Material to process –
^^^^^^^^
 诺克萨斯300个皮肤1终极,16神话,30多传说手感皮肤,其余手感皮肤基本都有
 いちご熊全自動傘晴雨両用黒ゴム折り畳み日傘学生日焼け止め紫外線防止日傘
^^^^^^^^
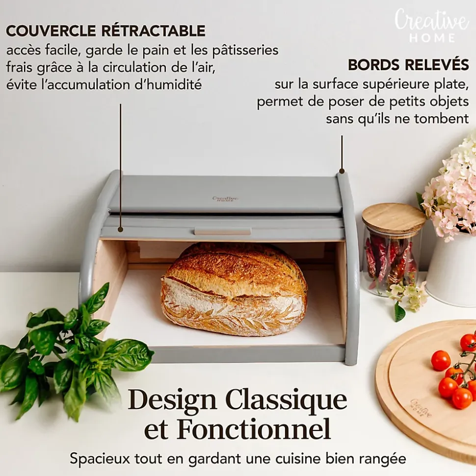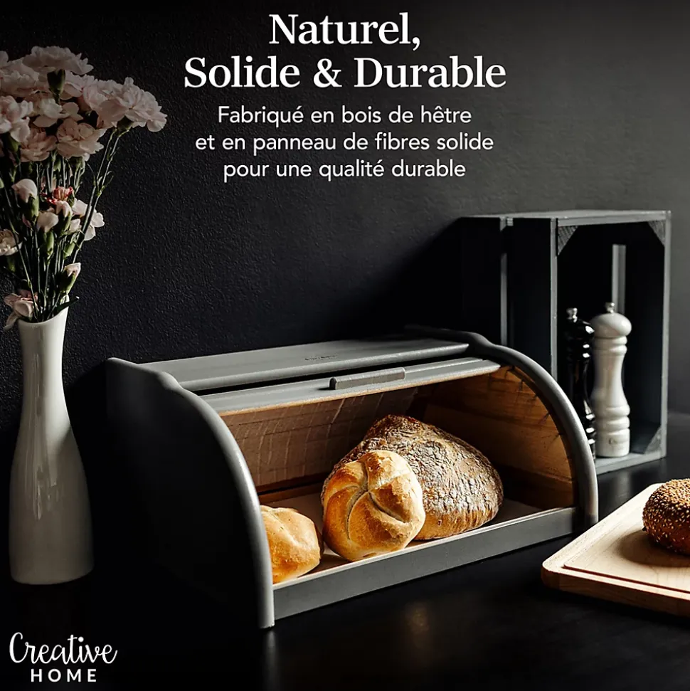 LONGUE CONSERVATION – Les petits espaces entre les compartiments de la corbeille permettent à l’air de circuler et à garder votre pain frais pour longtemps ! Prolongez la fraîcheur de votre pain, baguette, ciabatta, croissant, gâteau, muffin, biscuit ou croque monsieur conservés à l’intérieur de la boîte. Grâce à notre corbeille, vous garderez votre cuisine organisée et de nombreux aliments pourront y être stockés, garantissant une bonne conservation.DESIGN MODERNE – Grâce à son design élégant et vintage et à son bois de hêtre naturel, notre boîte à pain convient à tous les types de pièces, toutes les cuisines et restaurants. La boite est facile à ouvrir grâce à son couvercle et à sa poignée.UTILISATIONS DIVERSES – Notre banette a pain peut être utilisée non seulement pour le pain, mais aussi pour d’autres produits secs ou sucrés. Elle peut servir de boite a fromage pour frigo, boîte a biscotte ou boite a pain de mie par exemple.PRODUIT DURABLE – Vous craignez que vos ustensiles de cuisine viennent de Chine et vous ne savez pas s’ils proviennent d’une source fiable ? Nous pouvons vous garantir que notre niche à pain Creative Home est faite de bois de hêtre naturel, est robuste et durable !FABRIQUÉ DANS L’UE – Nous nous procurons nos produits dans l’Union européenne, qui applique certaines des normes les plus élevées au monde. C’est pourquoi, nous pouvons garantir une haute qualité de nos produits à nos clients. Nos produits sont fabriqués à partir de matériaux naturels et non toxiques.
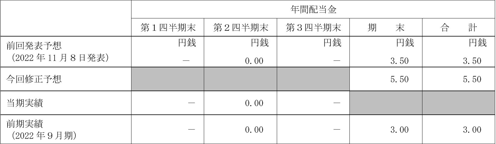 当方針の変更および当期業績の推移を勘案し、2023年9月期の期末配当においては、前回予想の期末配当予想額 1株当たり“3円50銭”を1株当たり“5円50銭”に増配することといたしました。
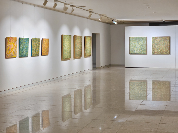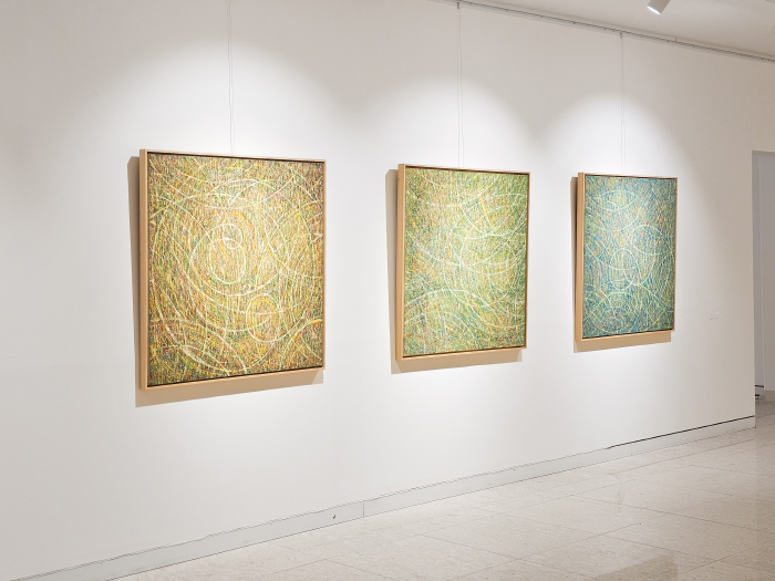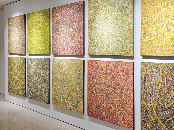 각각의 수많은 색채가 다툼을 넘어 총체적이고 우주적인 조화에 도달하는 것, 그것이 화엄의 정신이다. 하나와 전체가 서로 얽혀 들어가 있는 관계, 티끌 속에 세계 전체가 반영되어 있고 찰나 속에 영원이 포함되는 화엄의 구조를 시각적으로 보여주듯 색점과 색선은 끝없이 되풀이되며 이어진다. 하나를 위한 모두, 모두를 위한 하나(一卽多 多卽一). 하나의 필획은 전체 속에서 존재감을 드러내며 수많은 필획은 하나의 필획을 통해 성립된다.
^^^^^^^^
Exercise aim – Pictures aside, return exactly the lines from the data above, starting at the line that has "当方針の変更および当期業績の" and ending at the line that has "각각의 수많은 색채가", both included.

Written solution –
 当方針の変更および当期業績の推移を勘案し、2023年9月期の期末配当においては、前回予想の期末配当予想額 1株当たり“3円50銭”を1株当たり“5円50銭”に増配することといたしました。
 각각의 수많은 색채가 다툼을 넘어 총체적이고 우주적인 조화에 도달하는 것, 그것이 화엄의 정신이다. 하나와 전체가 서로 얽혀 들어가 있는 관계, 티끌 속에 세계 전체가 반영되어 있고 찰나 속에 영원이 포함되는 화엄의 구조를 시각적으로 보여주듯 색점과 색선은 끝없이 되풀이되며 이어진다. 하나를 위한 모두, 모두를 위한 하나(一卽多 多卽一). 하나의 필획은 전체 속에서 존재감을 드러내며 수많은 필획은 하나의 필획을 통해 성립된다.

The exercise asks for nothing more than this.